Transcript for Hoover Dam Construction, segment 11 of 17
It was on June sixth, nineteen thirty-three, that the first bucket of concrete was placed in the very lowest of the dam forms, one hundred and thirty-five feet below the level, where a few months previously had flowed the unchallenged Colorado River. What was to become the highest dam in the world began to rise from the impregnable rock of its foundation. As bucket after bucket of concrete was dumped into the forms, the plan of the structure became apparent and soon extended along its full six hundred and sixty feet dimension of thickness at the base.
Throughout the lower levels of the structure, concrete was placed from a trestle anchored to the Nevada wall of the canyon. The concrete was poured in keyed or interlocking columns, the design of which became more noticeable as the five foot layers or lifts in which the concrete was placed rose from level to level. As the work of placing progressed, the crews became expert in the handling of the equipment, and record-breaking daily pours were made, only to be surpassed by later achievements on this same structure.
The transit mixers were transported on trucks from the bed of which they could be removed and handled on the overhead cableways. These were used in the placement of concrete in the confined forms along the abutments, where the eight cubic yard buckets could not be handled. Selecting at random one bucket from among the hundreds of thousands that traveled from the canyon rim over the cableways and down into the dam forms, we see the typical operation from the time the bucket is picked up by the cableway on the canyon rim, swung out into mid-air over the gorge hundreds of feet above the forms, its tremendous weight of twenty-two tons riding easily and gracefully over the cable, as it is lowered into the forms with an ease and certainty seemingly out of proportion to its great bulk and tonnage. As the bucket descends, suspended at the end of hundreds of feet of cable strands, it is received at the forms, the safety locks unlatched, the signal given, and eight more cubic yards of concrete added to the dam's bulk. Concrete was compacted into the forms by mechanical vibration, the application of which insured dense compression against adjacent surfaces.
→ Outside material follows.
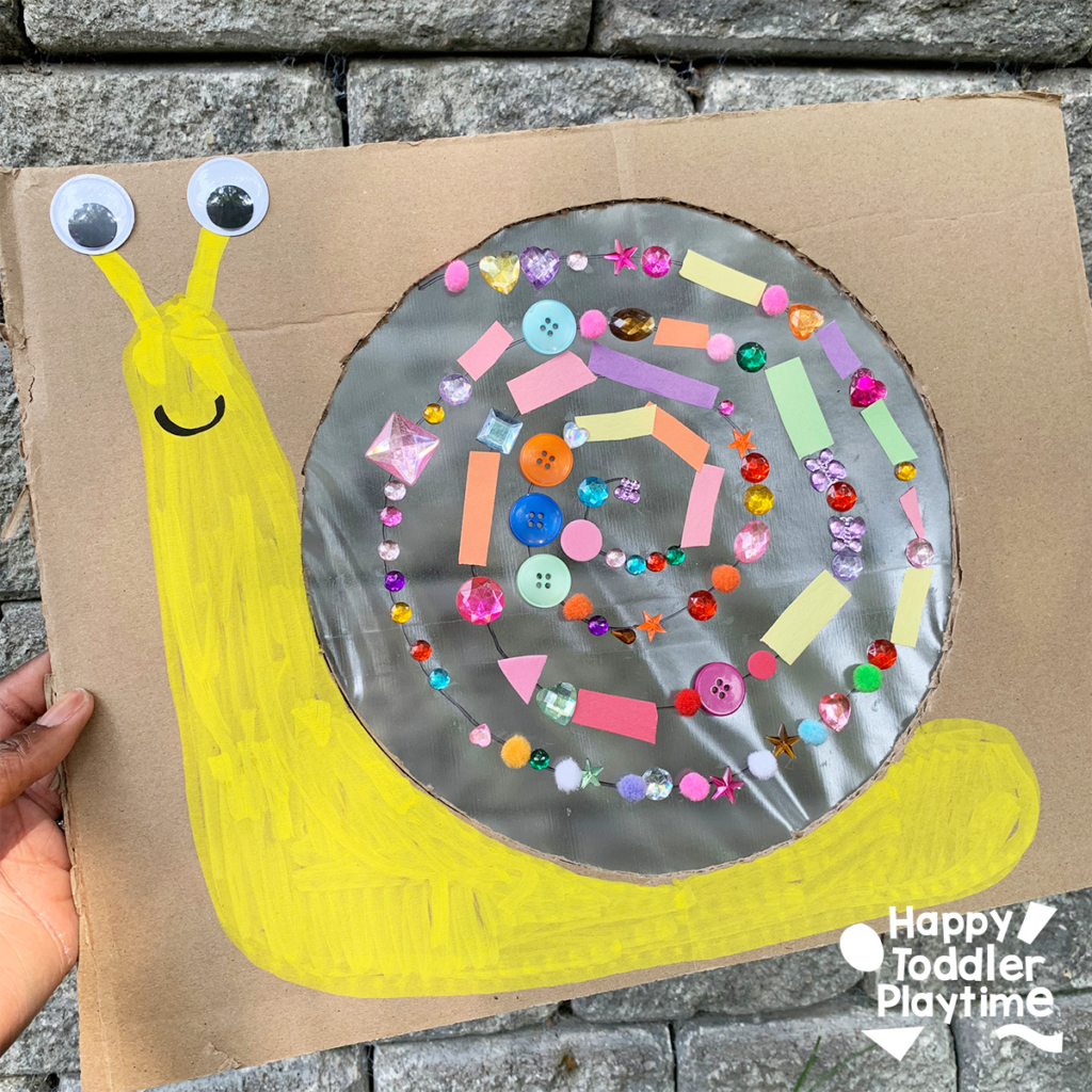 This simple and fun craft lets kids decorate a snail shell using colorful paper pieces on a sticky contact paper board. It’s a great low-mess activity that builds fine motor skills and creativity.

Workmen were carried from the canyon rim to the dam forms by way of the inclined skidway, or monkey slide as it was called, which operated through the Nevada abutment excavation.
Boulder Dam laborers represented a fair cross-section of the American working class, and many stayed on the job during the entire period of construction. With an ambitious progress schedule to meet and with work going forward under all conditions at all seasons of the year without cessation, rain or shine, both day and night, within a year less four days, two million of the three and one quarter million cubic yards of the dam's total volume had been placed in the forms, and Boulder Dam had risen to an impressive height, already having taken its place as one of the wonders of the West and a tourist attraction of prime importance.